■ Problem to solve: Please copy, exactly and with no pictures, only the lines from the one containing "Laura Blouse มาพร้อมดีเทลแสนหวาน" through the last line of the records.

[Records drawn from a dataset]
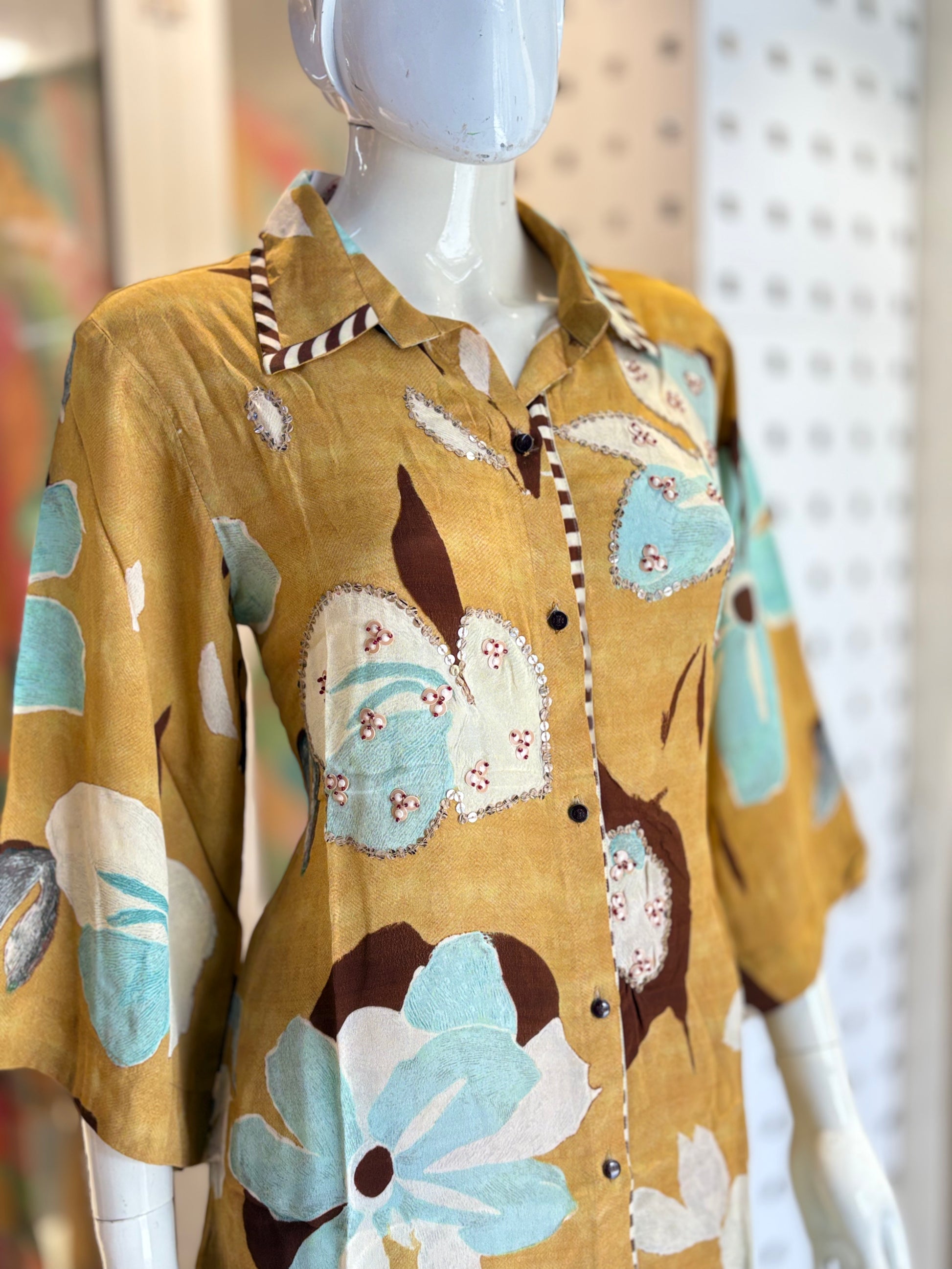 This Designer Cordset features pure crepe fabric adorned with exquisite digital prints, offering a blend of elegance and contemporary style. The intricate sequence handwork adds a refined texture and subtle sparkle, making it perfect for special occasions where craftsmanship and quality are paramount. Comfortable and stylish, this cordset exemplifies expert design and attention to detail.
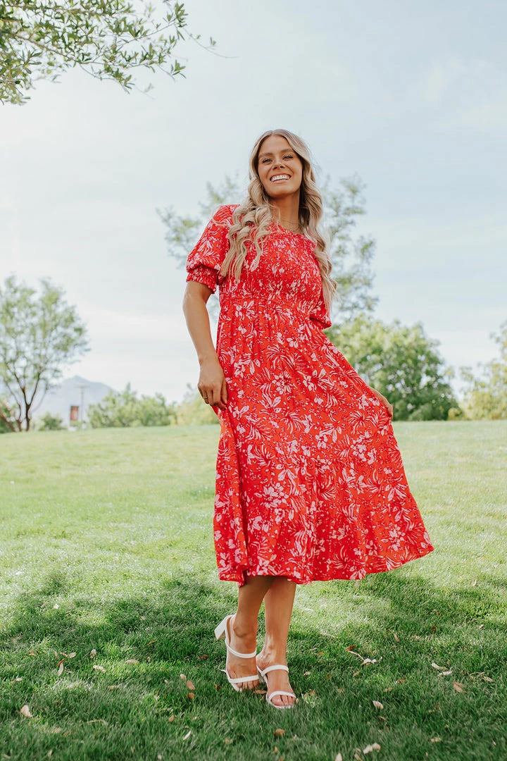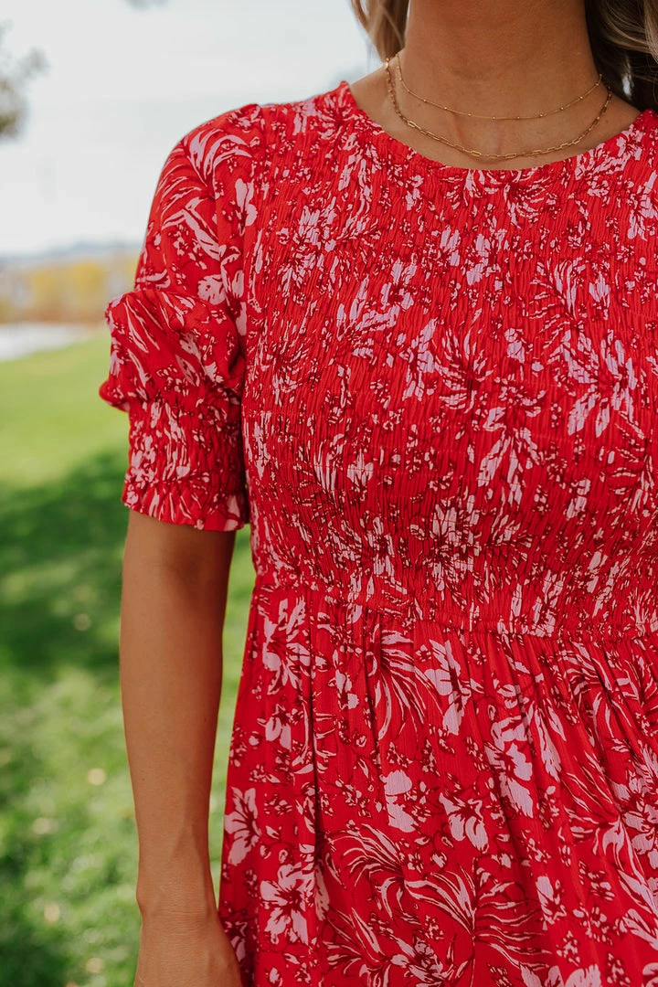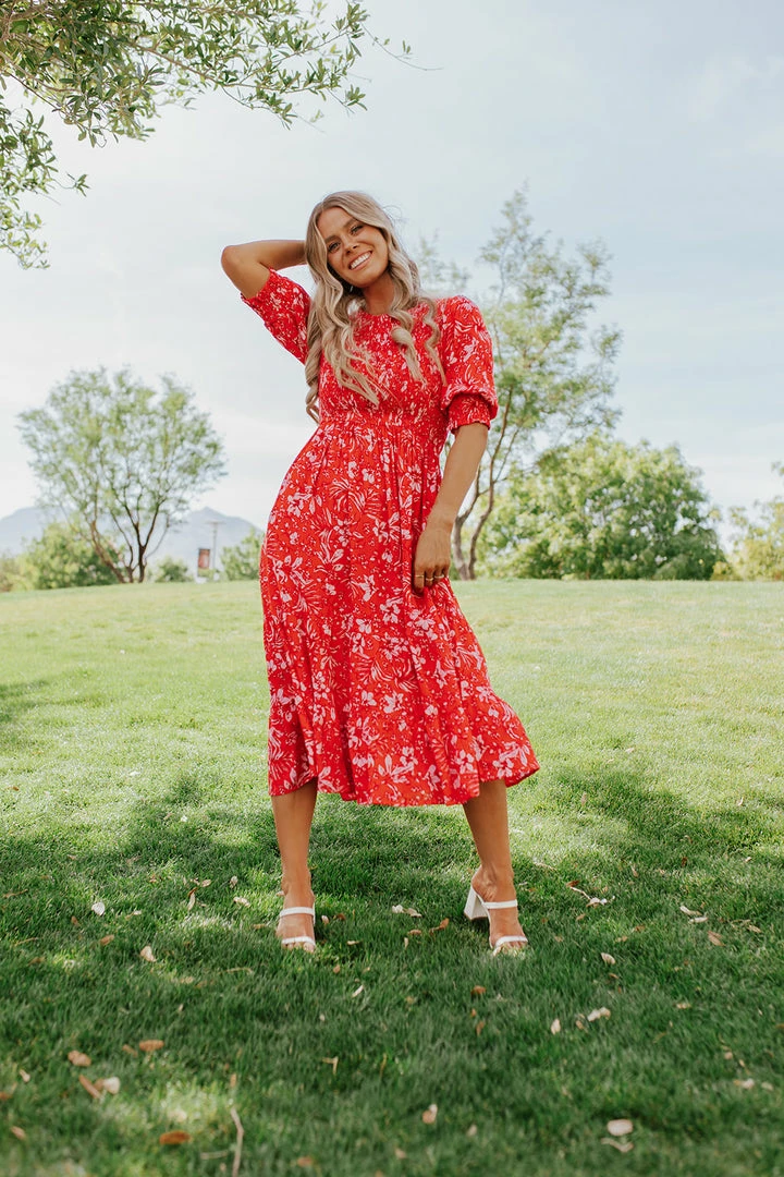 The Reese is the perfect addition to your closet this summer! We love the pink floral print! This dress is pretty and elegant but lots of fun too with the bright colors! Pair with any type of shoe, and you’re good to go!
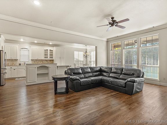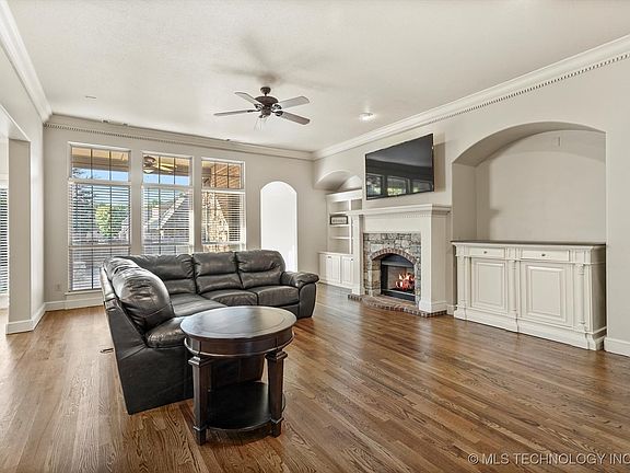 Freshly painted, new blinds & stunning HW flooring, this spacious 5-BR home offers everything you’re looking for! Featuring a home office, formal dining room, 3 full baths, & 3-car garage, all nestled on a quiet street in the highly sought after Bixby School District. Enjoy the desirable open floor plan with soaring 10’ ceilings, cozy stacked stone FP, & gorgeous kitchen island with granite & SS appliances. Main level includes an office, primary suite, & guest BR with Pullman bath. Upstairs, you'll find a large game room, 3 additional BRs, with a convenient Jack & Jill bath. Step outside to a beautiful patio & backyard, perfect for relaxing or entertaining. Located near restaurants & shopping, also part of a community with a neighborhood pool…this home truly has it all!
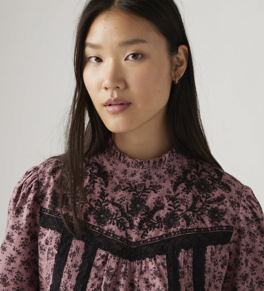 Laura Blouse มาพร้อมดีเทลแสนหวาน เนื้อผ้าเบาพริ้วที่มอบสัมผัสของความคลาสสิกโรแมนติก ดีไซน์เสื้อคอสูง เนื้อผ้านุ่ม และสไตล์ที่เข้ากันกับทุกลุค
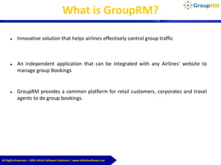 The document describes Grouprm, an innovative application designed to help airlines manage group bookings efficiently through a web-based platform, allowing various stakeholders like retail customers, travel agents, and corporations to submit group requests. It highlights features such as automated fare quoting, tracking of group requests, and ancillary revenue options for airlines, enhancing both productivity and policy enforcement. Additionally, a case study reveals significant improvements in group booking management for a client after implementing Grouprm, showcasing its successful integration and usage in the airline industry.
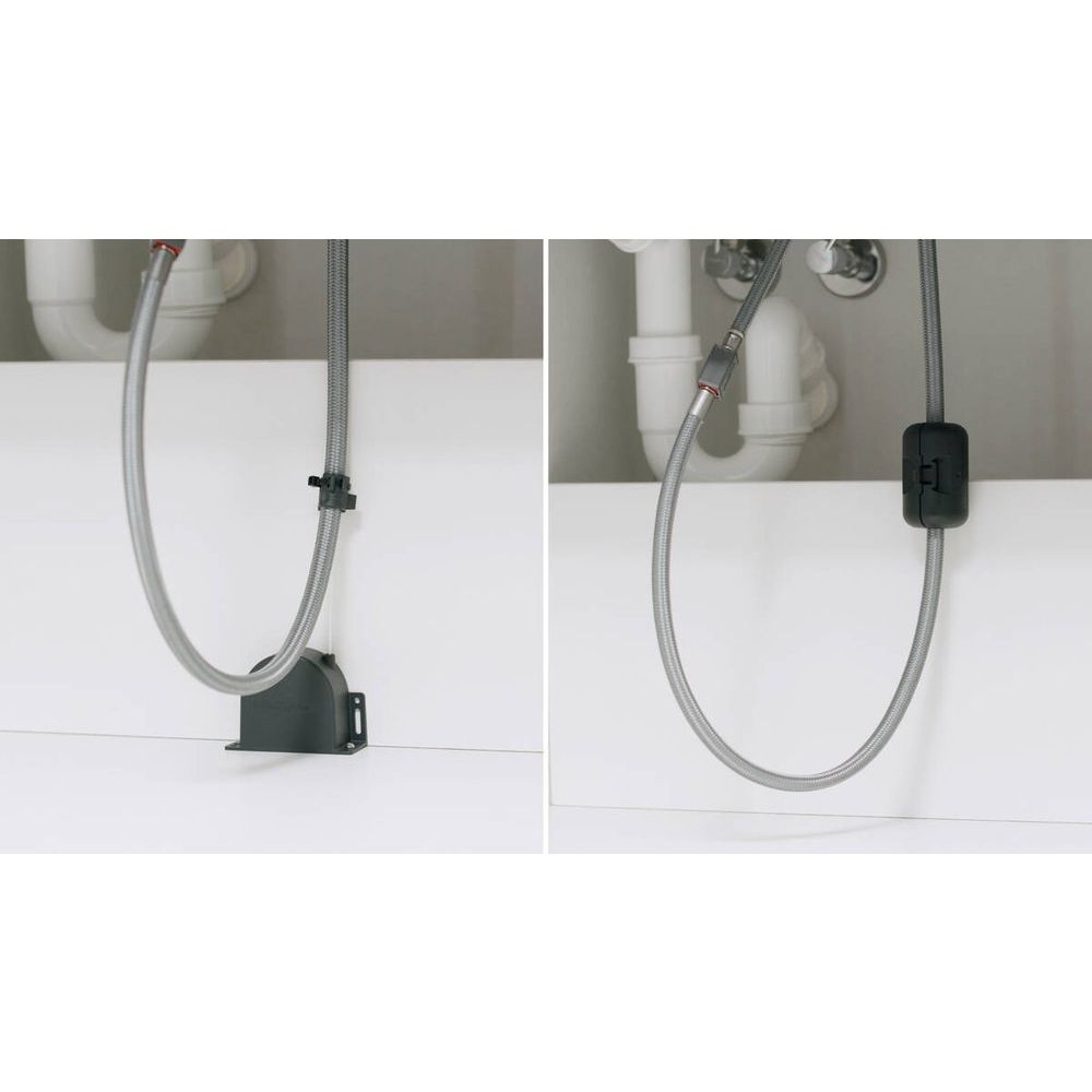 Система Quick-Connect позволяет быстро подключать душевой шланг, а встроенный клапан предотвратит обратное течение воды. Керамический картридж обеспечивает точное регулирование температуры и расхода воды до 8.2 литра в минуту при давлении 3 бара.

■ Solution for this task:
 Laura Blouse มาพร้อมดีเทลแสนหวาน เนื้อผ้าเบาพริ้วที่มอบสัมผัสของความคลาสสิกโรแมนติก ดีไซน์เสื้อคอสูง เนื้อผ้านุ่ม และสไตล์ที่เข้ากันกับทุกลุค
 The document describes Grouprm, an innovative application designed to help airlines manage group bookings efficiently through a web-based platform, allowing various stakeholders like retail customers, travel agents, and corporations to submit group requests. It highlights features such as automated fare quoting, tracking of group requests, and ancillary revenue options for airlines, enhancing both productivity and policy enforcement. Additionally, a case study reveals significant improvements in group booking management for a client after implementing Grouprm, showcasing its successful integration and usage in the airline industry.
 Система Quick-Connect позволяет быстро подключать душевой шланг, а встроенный клапан предотвратит обратное течение воды. Керамический картридж обеспечивает точное регулирование температуры и расхода воды до 8.2 литра в минуту при давлении 3 бара.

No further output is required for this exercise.